Wilson said she never sang the song after The Supremes disbanded in 1977. “I just don’t like the record,” she said. “I think the reason why I didn’t like ‘Where Did Our Love Go’ was that we really needed a hit record, and we had been singing since ’59. So now it’s ’64. We were called ‘The No Hit Supremes’ at Motown. [But] that [song] made us stars. Ever since then I’ve never said, ‘I don’t like this or whatever.’ I just kept my mouth closed. But of the 12 hit records there were many that I adored, but some just didn’t matter as long as we were on the road.”
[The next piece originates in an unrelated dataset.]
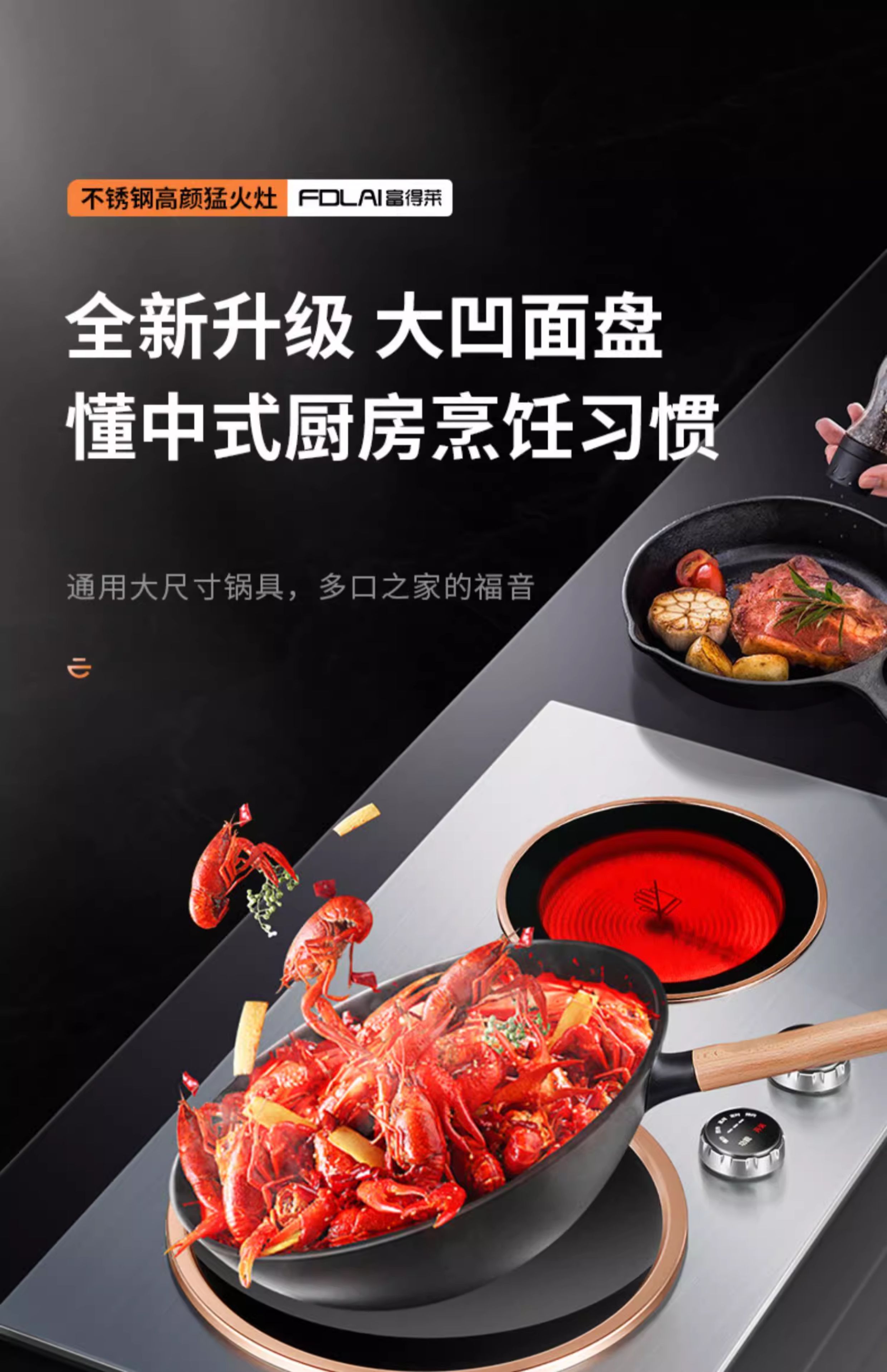 Fude Lai Stainless Steel Induction Cooker Double Burner Household Double-Head Stove High-Power Electric Stove Built-In Concave Electric Ceramic Stove

For those of you interested in a deeper look into the man and his music, Dozier published his autobiography, How Sweet It Is: A Songwriter’s Reflections on Music, Motown and the Mystery of the Muse, in 2019.
Sally O’Roarke, writing for Rebeat, documents HDH’s later career in “The Unhooked Generation: Holland-Dozier-Holland After Motown,” a seven-part series documenting the group’s three attempts (in eight years) to launch their own labels and move past Gordy’s Motown.
Despite the fact that the Holland-Dozier-Holland name had become nearly synonymous with that of Motown, the trio sued label founder Berry Gordy in 1967 for withholding royalties and profits. HDH left the Motown stable shortly afterward, but it wouldn’t be until 1969 that their own labels would be up and running: Invictus (distributed by major label Capitol Records) and Hot Wax (distributed by prominent indie Buddah Records). A third, the short-lived, independently-distributed Music Merchant, would be created in 1972.
The Unhooked Generation: Holland-Dozier-Holland After Motown is a seven-part series examining every single released on that trio of labels before they folded in 1977. The series follows the format of the 14-disc box set Holland-Dozier-Holland: The Complete 45s Collection, released this year by Harmless Records to coincide with the 45th anniversary of the formation of Invictus and Hot Wax.
Note on credits: due to the ongoing litigation between HDH and Motown, the trio was contractually forbidden to use their own names on their early releases. Production was often credited to “Stagecoach Productions” or “Staff,” while “Edythe Wayne” was HDH’s collective songwriting pseudonym (usually credited alongside Ronald Dunbar, a fellow writer/producer).
Beyond that, however, credits are often murky, with rumors that HDH used the names of other Invictus/Hot Wax staffers as fronts for their own contributions, or that certain producers/songwriters signed to Motown appeared on HDH releases anonymously. Even decades on, it can be difficult to ascertain the extent that HDH contributed to their only labels’ releases. The series assumes the trio took an active role in most of what Invictus/Hot Wax put out; however, it will also take most writing credits at face value (or, as much as possible, avoid the topic altogether).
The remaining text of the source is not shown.